(INPUT):

-------------------------

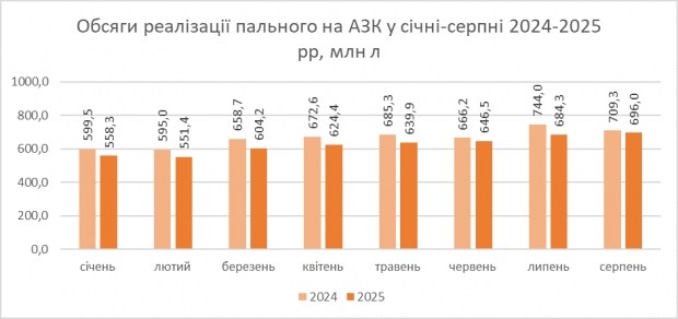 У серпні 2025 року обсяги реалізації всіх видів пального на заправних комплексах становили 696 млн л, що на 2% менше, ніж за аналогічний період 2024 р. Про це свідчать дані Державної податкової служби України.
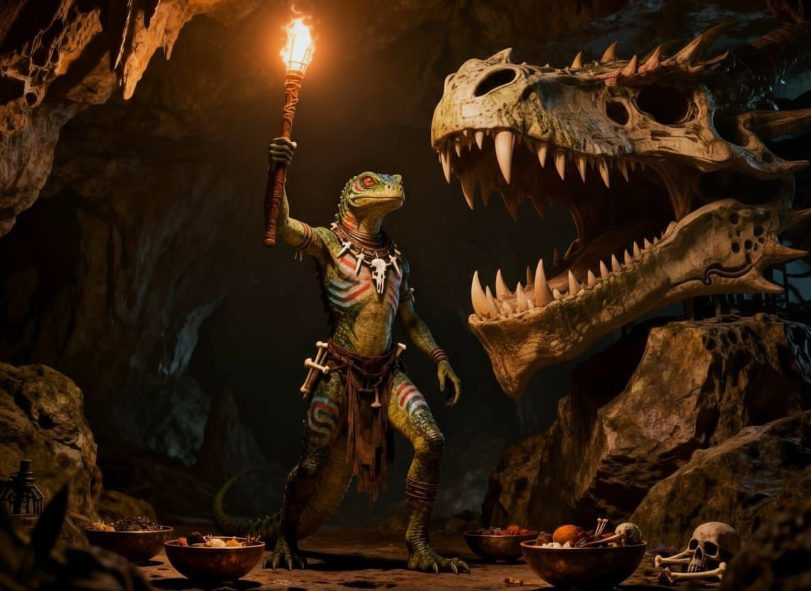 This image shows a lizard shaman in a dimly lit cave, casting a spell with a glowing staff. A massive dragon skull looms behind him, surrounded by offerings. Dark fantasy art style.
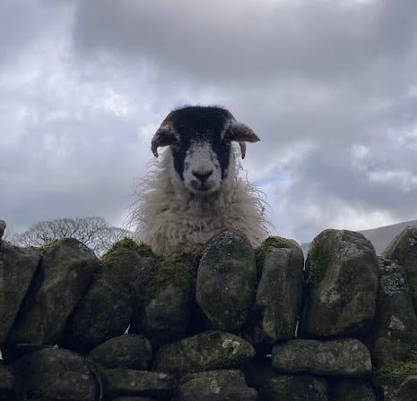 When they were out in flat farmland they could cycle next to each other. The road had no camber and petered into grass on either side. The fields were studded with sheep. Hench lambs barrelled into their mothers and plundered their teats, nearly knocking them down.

-------------------------

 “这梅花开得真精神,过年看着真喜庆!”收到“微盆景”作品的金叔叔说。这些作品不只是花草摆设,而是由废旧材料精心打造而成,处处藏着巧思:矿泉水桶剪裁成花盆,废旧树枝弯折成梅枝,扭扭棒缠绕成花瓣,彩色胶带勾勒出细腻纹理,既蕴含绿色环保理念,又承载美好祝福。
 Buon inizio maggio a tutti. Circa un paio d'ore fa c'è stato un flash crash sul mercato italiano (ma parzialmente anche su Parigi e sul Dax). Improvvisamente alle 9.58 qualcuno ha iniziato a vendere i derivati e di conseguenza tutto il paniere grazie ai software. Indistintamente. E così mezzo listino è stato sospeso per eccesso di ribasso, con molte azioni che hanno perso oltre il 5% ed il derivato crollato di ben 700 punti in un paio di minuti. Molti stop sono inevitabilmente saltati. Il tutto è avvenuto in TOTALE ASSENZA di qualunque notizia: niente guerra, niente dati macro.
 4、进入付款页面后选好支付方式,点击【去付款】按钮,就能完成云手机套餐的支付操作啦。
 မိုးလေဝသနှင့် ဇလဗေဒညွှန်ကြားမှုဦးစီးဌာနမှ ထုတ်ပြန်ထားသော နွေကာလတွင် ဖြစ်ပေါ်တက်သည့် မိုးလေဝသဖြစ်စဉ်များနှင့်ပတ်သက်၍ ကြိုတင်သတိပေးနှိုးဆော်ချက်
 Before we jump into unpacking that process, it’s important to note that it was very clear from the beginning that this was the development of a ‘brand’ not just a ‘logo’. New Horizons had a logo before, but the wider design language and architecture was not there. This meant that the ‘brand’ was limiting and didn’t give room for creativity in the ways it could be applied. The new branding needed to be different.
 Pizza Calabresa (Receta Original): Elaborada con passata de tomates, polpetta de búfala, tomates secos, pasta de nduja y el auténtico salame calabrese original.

-------------------------

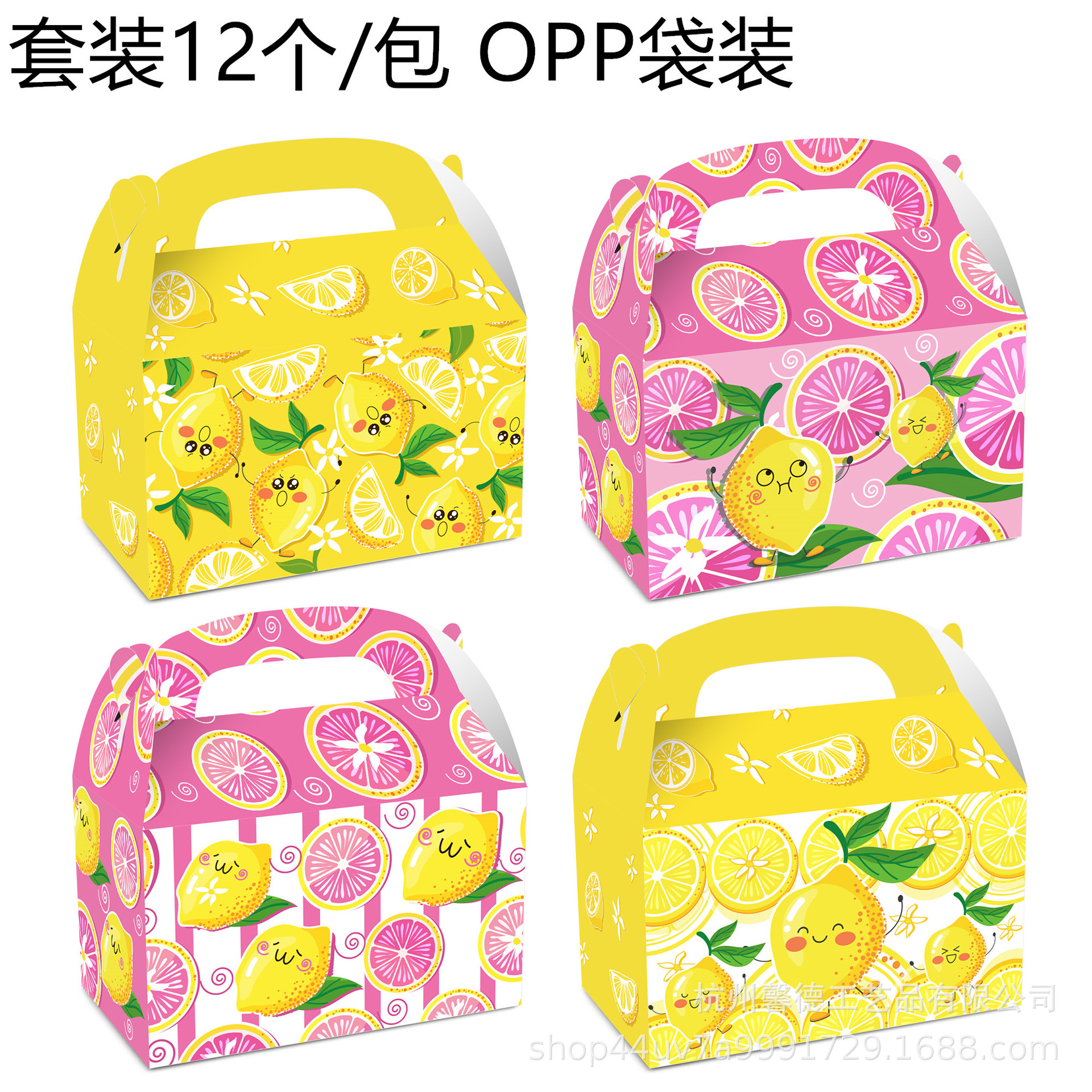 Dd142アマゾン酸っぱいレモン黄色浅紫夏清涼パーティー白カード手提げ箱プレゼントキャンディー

-------------------------

(TASK GOAL):
Every line above from the line with "4、进入付款页面后选好支付方" to the line with "Before we jump" is wanted, ends included; write them out exactly and add no other line.

(EXERCISE SOLUTION):
 4、进入付款页面后选好支付方式,点击【去付款】按钮,就能完成云手机套餐的支付操作啦。
 မိုးလေဝသနှင့် ဇလဗေဒညွှန်ကြားမှုဦးစီးဌာနမှ ထုတ်ပြန်ထားသော နွေကာလတွင် ဖြစ်ပေါ်တက်သည့် မိုးလေဝသဖြစ်စဉ်များနှင့်ပတ်သက်၍ ကြိုတင်သတိပေးနှိုးဆော်ချက်
 Before we jump into unpacking that process, it’s important to note that it was very clear from the beginning that this was the development of a ‘brand’ not just a ‘logo’. New Horizons had a logo before, but the wider design language and architecture was not there. This meant that the ‘brand’ was limiting and didn’t give room for creativity in the ways it could be applied. The new branding needed to be different.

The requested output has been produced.